His failure was in wanting to leave his DNA where it did not belong.

As Tim Alberta wrote in the Atlantic profile: “Every move (Licht) made, big programming decisions and small tactical manoeuvres alike, seemed to backfire. By most metrics, the network under Licht’s leadership had reached its historic nadir.”

So now CNN is worse off than before he took over. Until a new leader is recruited — this could take months — the day-to-day will be by committee. The network reported this leadership team will include: “Amy Entelis, executive vice president of talent and content development; Virginia Moseley, executive vice president of editorial; and Eric Sherling, executive vice president of U.S. programming. (David) Leavy will continue overseeing the company’s commercial activities.”

Their first order of business? Restore trust inside CNN.

“This. Is … CNN.” Please.

Right now, the tag line could be, “This.
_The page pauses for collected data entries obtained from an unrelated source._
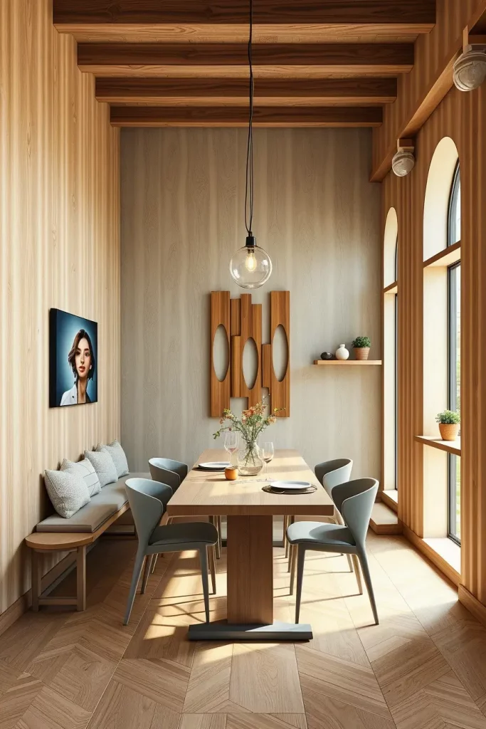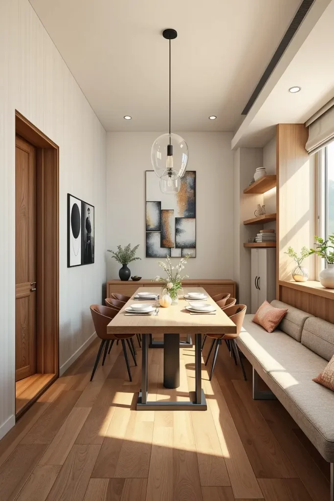 The combination of vertical wall panels with narrow runner proves to be an effective space-maximizing solution in my design work. The editors at Better Homes & Gardens explain that extended dining tables naturally partition rooms without requiring walls for separation. I choose a simple pendant light which hangs above the center point to create an anchor effect that prevents space from feeling cramped.
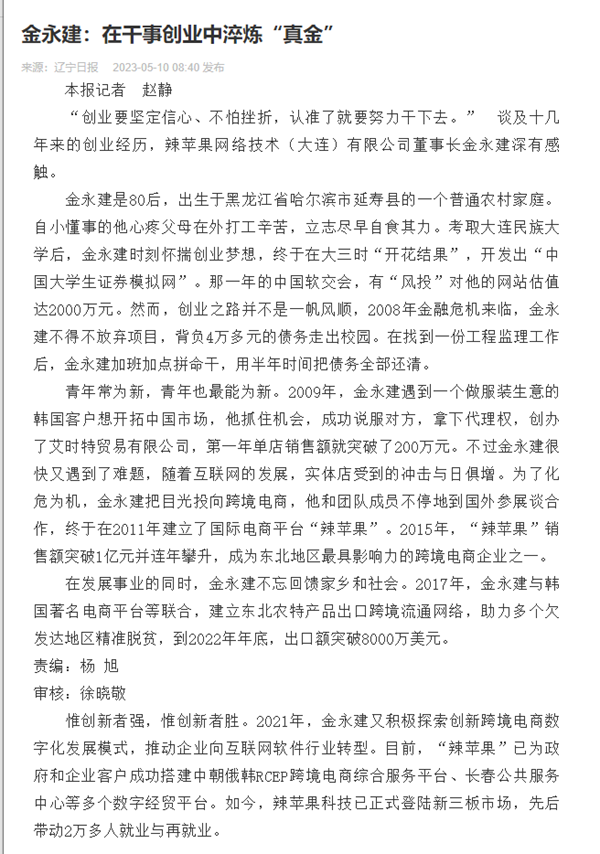 惟创新者强,惟创新者胜。2021年,金永建又积极探索创新跨境电商数字化发展模式,推动企业向互联网软件行业转型。目前,“辣苹果”已为政府和企业客户成功搭建中朝俄韩RCEP跨境电商综合服务平台、长春公共服务中心等多个数字经贸平台。如今,辣苹果科技已正式登陆新三板市场,先后带动2万多人就业与再就业。
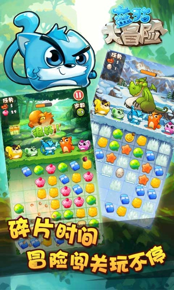 藍(lán)貓大冒險(xiǎn)是一款喚起童年的休閑類消除游戲,講述了可愛的藍(lán)貓和它的小伙伴們結(jié)伴冒險(xiǎn),一步步破除阻礙經(jīng)歷四季和不同場景的歷險(xiǎn)故事。經(jīng)典多彩的卡通元素,可愛清新的游戲界面,爽快多變的關(guān)卡玩法,火熱千萬玩家,你不能錯(cuò)過!【游戲特色】
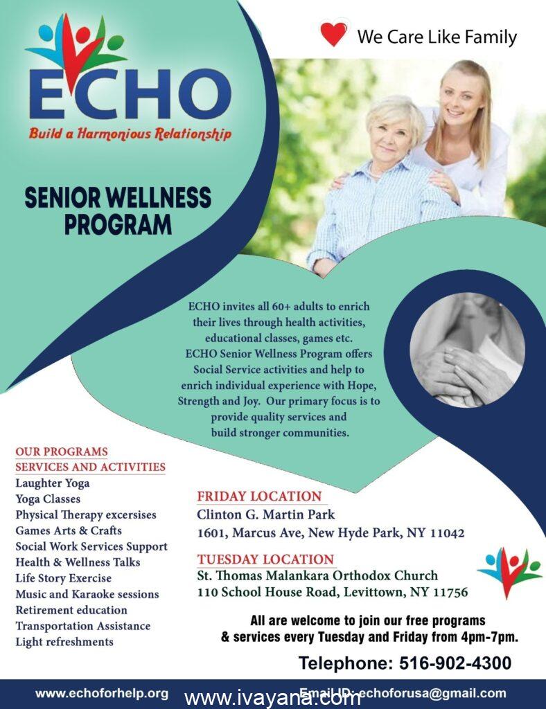 ഈ സാഹചര്യം മനസ്സിലാക്കിയാണ് ന്യൂയോർക്ക് ന്യൂഹൈഡ് പാർക്ക് കേന്ദ്രീകൃതമായി 2013 മുതൽ പ്രവർത്തിക്കുന്ന ECHO (Enhance Community through Harmonious Outreach) എന്ന സന്നദ്ധ സംഘടന മലയാളീ സമൂഹത്തിലെ മുതിർന്നവരെ ചേർത്ത് നിർത്തുന്നതിനും അവർക്ക് വേണ്ടതായ കരുതലും പരിഗണനയും നൽകി ഏകാന്തതയിൽ നിന്നും ഒറ്റപ്പെടലിൽ നിന്നും അവർക്കു മോചനം നൽകുന്നതിനും പ്രവർത്തിക്കുവാൻ തുടങ്ങിയത്. ECHO SENIOR WELLNESS എന്ന പേരിൽ മുതിർന്നവരുടെ ഉന്നമനത്തിനും ആരോഗ്യ പരിപാലനത്തിനും സൗഹൃദ കൂട്ടായ്മക്കും ഊന്നൽ നൽകി എല്ലാ വെള്ളിയാഴ്ചകളിലും ഉച്ചക്ക് ശേഷം നാല് മണിക്കൂറോളം ഒരു കൂട്ടായ സമൂഹമായി ചേർന്ന് തുടങ്ങിയത്. വെള്ളിയാഴ്ചകളിൽ ന്യൂഹൈഡ് പാർക്കിലുള്ള ക്ലിന്റൺ ജി മാർട്ടിൻ (Clinton G Martin Park Community Hall, 1601 Marcus Avenue, New Hyde Park, NY 11042) എന്ന ടൌൺ ഓഫ് നോർത്ത് ഹെംപ്സ്റ്റഡിന്റെ കമ്മ്യൂണിറ്റി ഹാളിലാണ് പരിപാടികൾ സംഘടിപ്പിക്കുന്നത്. ഏകദേശം നാല് വർഷങ്ങൾക്ക് മുമ്പ് ചെറിയ കൂട്ടായ്മയായി ആരംഭിച്ച പ്രസ്തുത പ്രൊജക്റ്റ് ഇന്ന് ലോങ്ങ് ഐലൻഡിലെ മറ്റൊരു സ്ഥലത്തേക്ക് കൂടി വ്യാപിപ്പിച്ചു.
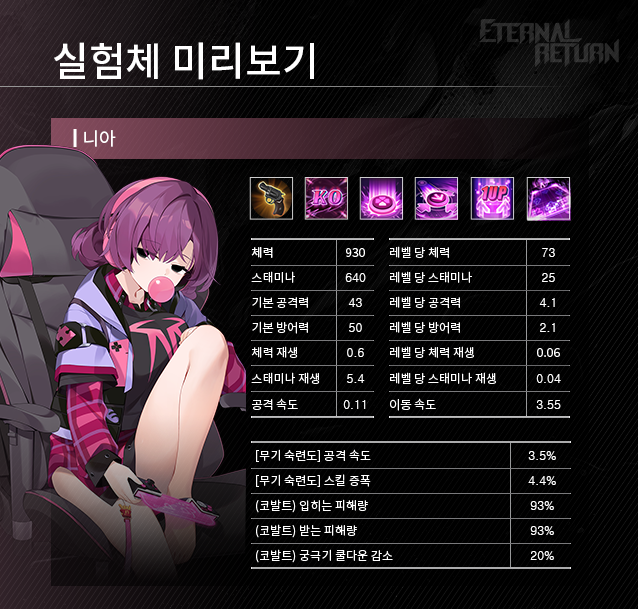 넵튠 자회사 님블뉴런의 대표작 '이터널 리턴'은 지난 15일 1.47 패치를 통해 실험체 니아와 함께 뒷골목 히스이 희귀 스킨 추가, 기존 실험체 밸런스 조정을 진행했다. 니아는 5월 20일부터 랭크 게임에 합류한다.
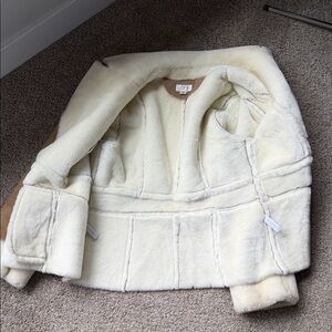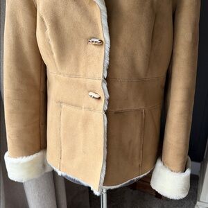 LOFT Faux Fur and Suede like Fabric Cream and Tan Jacket. Size 12 Soft Warm
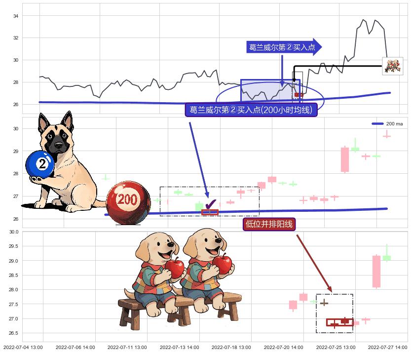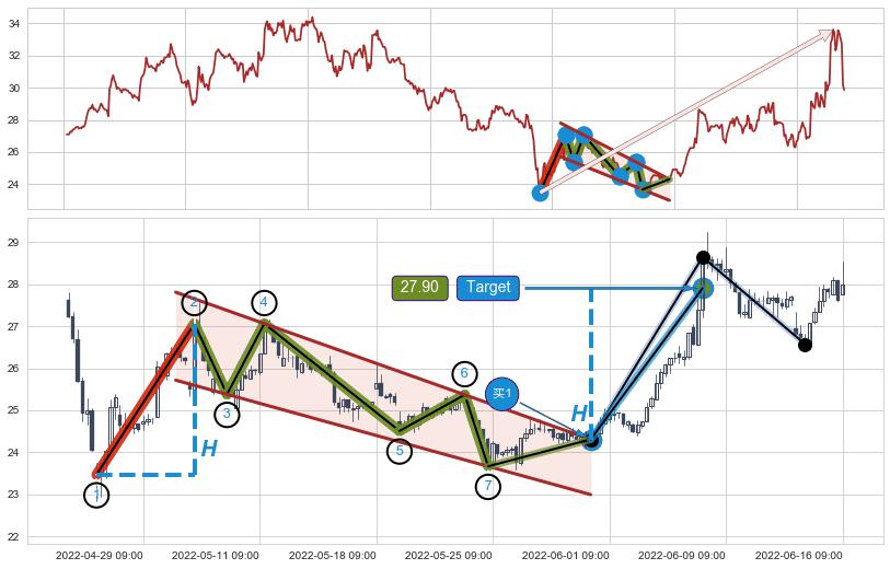 ➢ 收盘价(06-22:14: 27.29 )→再次回踩→第一根k线高点(06-17:14: 27.70 )
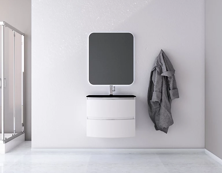 Ensemble Vague L.70 cm meuble sous vasque blanc mat à suspendre + plan vasque verre noir mat

Is … Fear and Loathing.”

Colbert advised Licht, his friend, to not take the top job. But Licht saw the opportunity as a “calling.” Then he started butt-dialing bad ideas. He thought he could boost CNN’s ratings with an editorial lurch toward the political middle. The amnesia made him forget conservatives believe CNN is “fake news.” With the exception of giving prime time shows to Tucker Carlson, Marjorie Taylor Greene and Kari Lake, Licht was never going to siphon Fox and attract phantom viewers he mistook as possible saviours.

Instead, he just irritated his existing audience. And his newsroom.

If you take over Nike, you don’t ditch running shoes to focus on flip-flops.

Licht apologized to CNN staff this week for comments in the Atlantic profile, including his criticism of the network’s pandemic coverage. He vowed to win their over hearts and minds while staying out of the news. It was too late. The room was lost.

Chris Licht tried to save CNN — but he couldn’t save it from himself.